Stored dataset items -
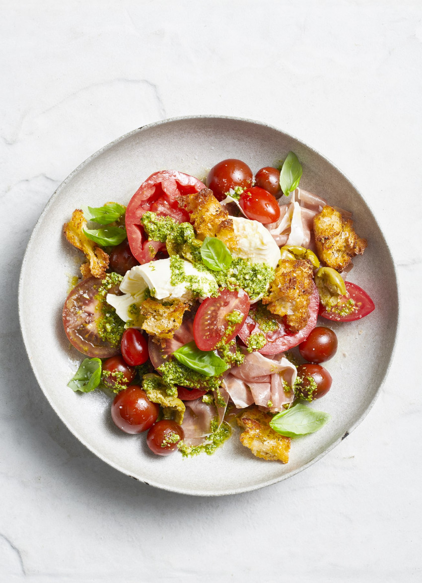 To serve: Toss the tomatoes with the oil and season generously with salt and pepper. Place on a platter and top with the prosciutto, croutons, ripped mozzarella, basil and olives. Drizzle everything with the dressing.
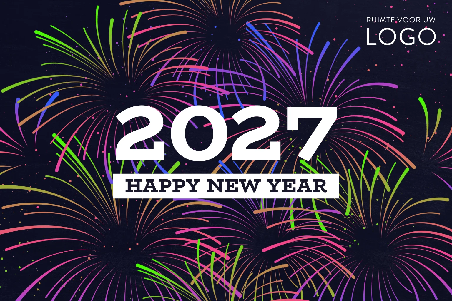 Op een sfeervolle, zwarte achtergrond stralen neonachtige vuurwerkexplosies in de nacht. In witte letters prijkt "2027 Happy New Year." Voeg uw bedrijfslogo toe in de hoek en maak deze nieuwjaarskaart van ons uw eigen. Bestel een drukproef om dit ontwerp eerst in het echt te zien. Verwelkom het nieuwe jaar in stijl.
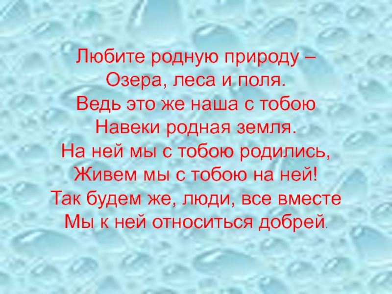 Слайд 26Любите родную природу – Озера, леса и поля. Ведь это же наша с
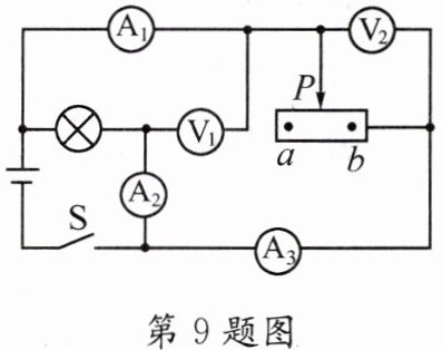 9. 在如图所示的电路中,电源电压恒定不变。闭合开关 $ S $,将滑动变阻器的滑片 $ P $ 由 $ a $ 点移动到 $ b $ 点的过程中,下列说法正确的是 ( )
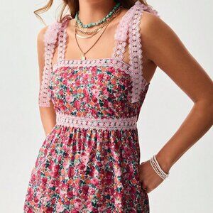 Pink Boho Women's Cowgirl Style Floral Lace Patchwork Dress
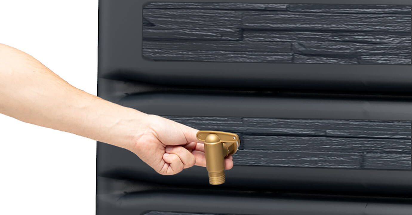 De Regenton Extra Slim is niet alleen praktisch, maar ook duurzaam. Gemaakt van 100% gerecyclede materialen, maakt u met deze regenton een milieuvriendelijke keuze. De handige gouden kunststof kraan zorgt ervoor dat u het opgevangen regenwater moeiteloos kunt aftappen wanneer u het nodig heeft. En geen zorgen over harde wind; de meegeleverde windverankeringsset houdt uw regenton stevig op zijn plaats. Voor de exacte afmetingen verwijzen wij u naar de maattekeningen.
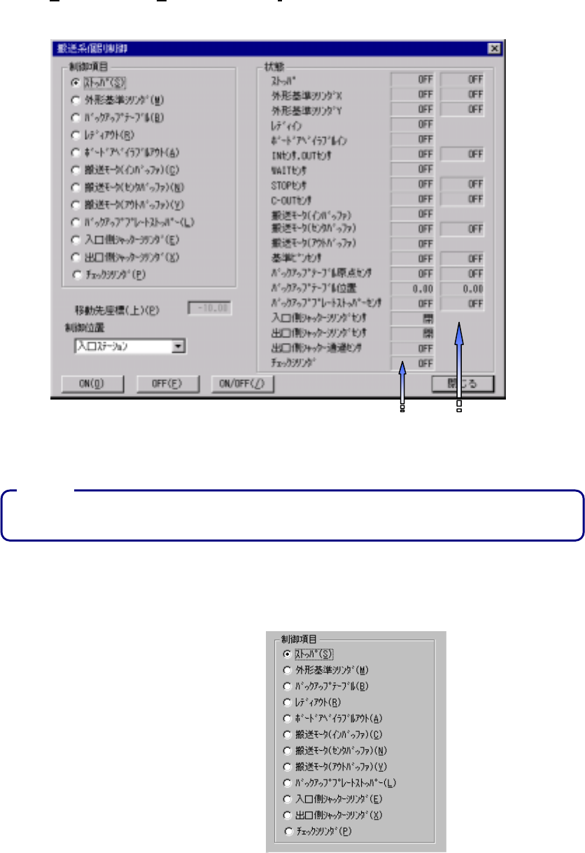 搬送系個別制御ダイアログ搬送系個別制御ダイアログ
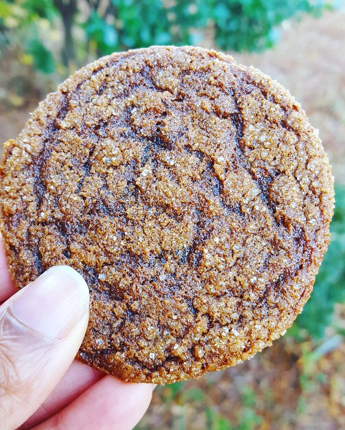5. Preheat oven to 325f.. Place the chilled balls of dough onto a parchment or silicone lined baking sheet, spacing them at least 1.5 inches apart. Bake on the middle rack for 10-12 minutes, or until the surface begins to crack – for a crispier cookie, bake a few minutes longer. Let the cookies cool 3-4 minutes before transferring to a wire rack. Once completely cool, cookies can be stored in a baggie or you can eat them all up!
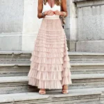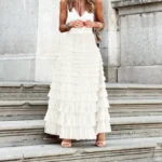 Accompagnez la jupe avec une paire de sandalettes pour accentuer le style bohème. Complétez votre look avec des accessoires tels que des bracelets ethniques et des boucles d’oreilles pendantes pour une tenue de mariage chic et décontractée.
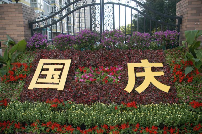 Keywords: China's 60th birthday floral design.JPG en Floral sign celebrating China's 60th birthday Beijing China Own Scott Meltzer 2009-09-13 Beijing Floral inscriptions Birthday flowers Design of China Flower beds
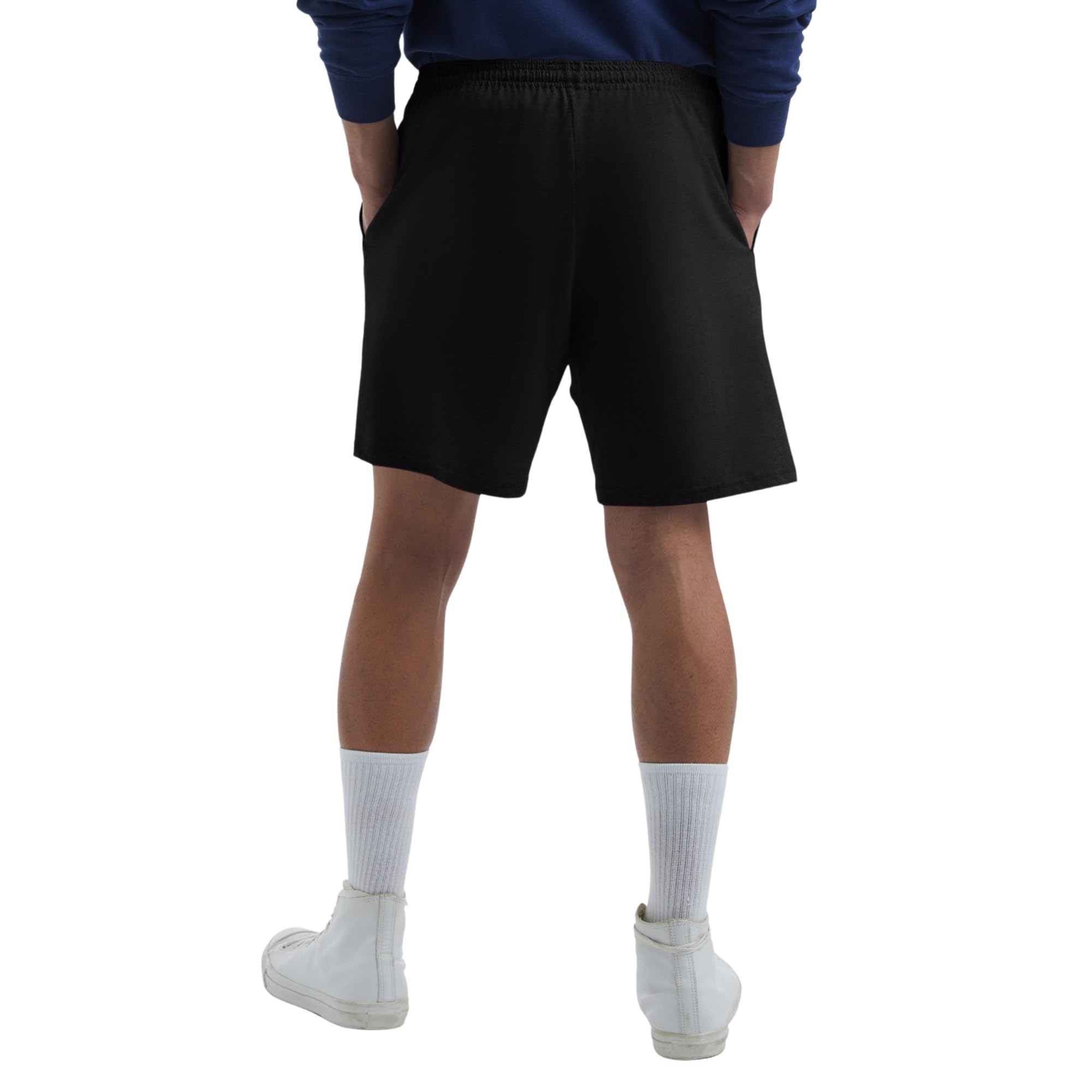 Description It's no wonder these cotton jersey shorts from HanesĀ® for men are bestsellers. These ultra-versatile knit shorts are just the thing to slip into after work, to wear to the gym, to relax in on movie night, or even to wear to bed. Simply styled, they pull right on, with an elasticized waist and adjustable interior drawstring. Handy side pockets hold keys and other essentials. These pull-on lounge shorts are a mid-thigh length with a 7.5" inseam. We suggest having several pairs of these comfortable cotton jersey shorts on hand. You'll wear them again and again.
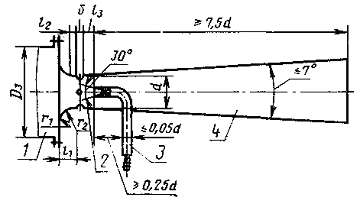 r1 = 0,2d; r2 = 0,333d; l1 = 0,304d; l2 = 0,3d; 0,4d ³ l3 ³ 0,2d; d < 0,13d
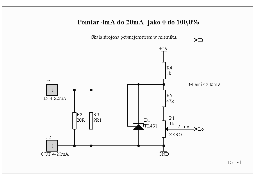 Pomiar prądu od 4mA do 20mA pokazanych procentowo. 4mA jako 00,0% do 20mA jako 100,0%.
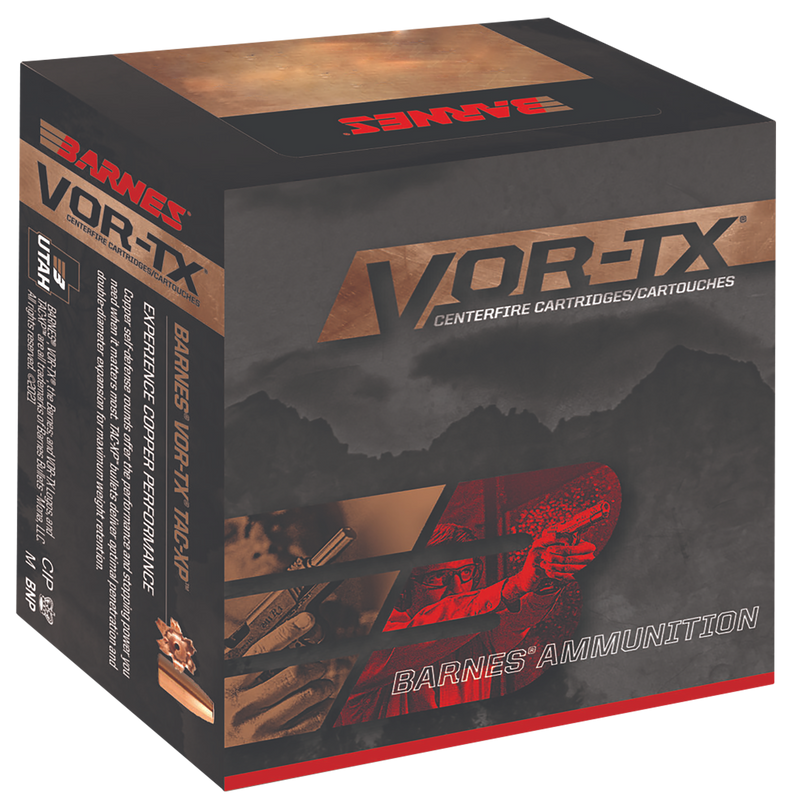 Barnes VOR-TX handgun ammunition in 454 Casull caliber with 250-grain XPB bullets designed for deep penetration and double-diameter expansion. This load achieves 1700 fps muzzle velocity and 1605 ft-lbs of muzzle energy, making it suitable for hunting and defense applications. Packaged 20 rounds per box, 10 boxes per case.

Work item -
Above, find the line with "Description It's no"; copy it and every line down to the line with "Pomiar prądu od", exactly and both included, but no pictures.

Output -
 Description It's no wonder these cotton jersey shorts from HanesĀ® for men are bestsellers. These ultra-versatile knit shorts are just the thing to slip into after work, to wear to the gym, to relax in on movie night, or even to wear to bed. Simply styled, they pull right on, with an elasticized waist and adjustable interior drawstring. Handy side pockets hold keys and other essentials. These pull-on lounge shorts are a mid-thigh length with a 7.5" inseam. We suggest having several pairs of these comfortable cotton jersey shorts on hand. You'll wear them again and again.
 r1 = 0,2d; r2 = 0,333d; l1 = 0,304d; l2 = 0,3d; 0,4d ³ l3 ³ 0,2d; d < 0,13d
 Pomiar prądu od 4mA do 20mA pokazanych procentowo. 4mA jako 00,0% do 20mA jako 100,0%.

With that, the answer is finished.